Я сжимаю зубы. Если Боден ищет драки, я не доставлю ему такого удовольствия. Я…

«Вторым я убил солдата, у которого в руках разорвало мушкет. Обожжённый, с почерневшим лицом и зияющими провалами на месте глаз, он каким-то образом понимал, что происходит. Поскуливая, жался в угол, когда я приближался к нему с ножом. Для него я тоже сделал все, что мог. По крайней мере, его душа отправилась в Ад, испытывая смертный ужас, но не боль. Я мог лишь пожелать ей мягкого полета и милости новых хозяев. Дальше пошло проще. Обыденнее. Иногда мои пассажиры избавляли меня от мук выбора. Когда кто-то из раненых впадал в забытье или тяжелый сон, они давили его своими бинтами, так что когда фургон останавливался, мне достаточно было забрать подготовленный товар. Легкая работа, которую я делал со спокойной душой. Но если так не получалось, приходилось решать самому. Я старался выбирать тех, кто ближе всего к смерти, но я ведь не лекарь, Мюллер, я всего лишь возница. Некоторые встречали смерть с достоинством, другие кляли меня на чем свет стоит. Какой-то тип едва было не вспорол мне самому горло сапожным ножом, а бились мы с ним так, что залили топливом – моим и его - весь фургон…»
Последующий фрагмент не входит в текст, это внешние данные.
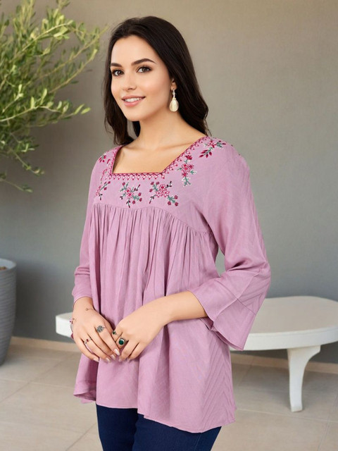 Very elegant and comfortable tunic. The embroidery is neat and gives a classy look. Fabric feels soft on the skin and is perfect for daily wear.

Из-под моих ног, испуганно пискнув вскакивает роттеншпин. Но Боден не пытается раздавить его, лишь провожает задумчивым взглядом. 
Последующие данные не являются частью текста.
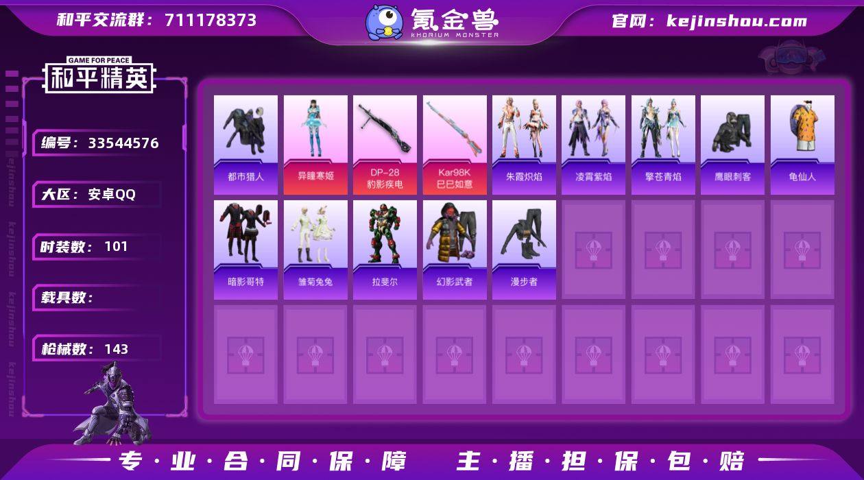 【957490】DYH18155+【2粉 5特效枪 暗影哥特 深海小丑鱼 都市猎人 拉斐尔】安卓手Q-2粉装-5特效枪-101套装-143枪皮-4王牌印记-坚韧铂金Ⅰ-37826热力值【2粉装】角色-千金淑猫,角色-异瞳寒姬【5特效枪】AKS-74U-森灵之息[5级],Kar98K-巳巳如意[5级],DP-28-豹影疾电[5级],Mk14-福马献瑞[5级],UMP45-萌骑冒险[5级]【3稀有】都市猎人,深海小丑鱼,暗影哥特【9飞行器】登顶巅峰飞行器,极意拳锋飞行器,狂鲨锋刃飞行器,空岛之星尾迹,炫彩糖果飞行器,鸡智如我飞行器,马上有福飞行器,光之冒险尾迹,云朵驼驼飞行器【234其它衣服和枪皮】猎鹰,朱霞炽焰,糖糖葫芦,王牌教练,狙击之神,龙腾端午,风迹短诗,雨过天青,香桃花海,街头风暴,SS35特训,龙魂突击队,凌霄紫焰,画境星梦,角色-蜜桃派对,鹤鸣,柠萌假日,黄色名流,恋语绒绒,SS34特训,SS37特训,擎苍青焰,福马献瑞,冰冻风暴,迅捷龙虾,青年教官,萌黄之夏,纯真浪花,龙的传人,白色伏地魔,光之冒险,萌鸡速递,角色-紫俏灵猫,漫步者,SS38特训,龟仙人,竞技名士,黄色伏地魔,旭日情侣,战术大师,红色运动,飞行日记,绮丽涂鸦,绯格组合,炫彩糖果,红釉青花,耀眼新星,阳光火鸡,海盐绵绵冰,SS36特训,雏菊兔兔,SS28特训,玉兔迎春,SS24特训,狂鲨锋刃,蓝彩潮人,热...

«Я довез пятерых. Верно, один из них был какой-нибудь важной шишкой, потому что за эту поездку меня наградили унтершарфюрерскими галунами. Хотя должны были скормить тем демонам, которых я так заботливо поил всю дорогу. Я надеялся, меня после этого определят куда-нибудь в тыл, гонять фургоны с углем, да вышло иначе. Какая-то газетенка написала про меня статью, ославила на всю Германию как героического возницу. Можешь себе это представить? После этого, понятно, о грузовых фургонах я мог и не мечтать. Засунули в сто первый тяжелый батальон, в самое пекло. Тут-то меня Черный Барон и подцепил. Ну а за что ты получил свои погоны, Мюллер? Ловко решил задачку по арифметике или попросту отсосал старшему офицеру?»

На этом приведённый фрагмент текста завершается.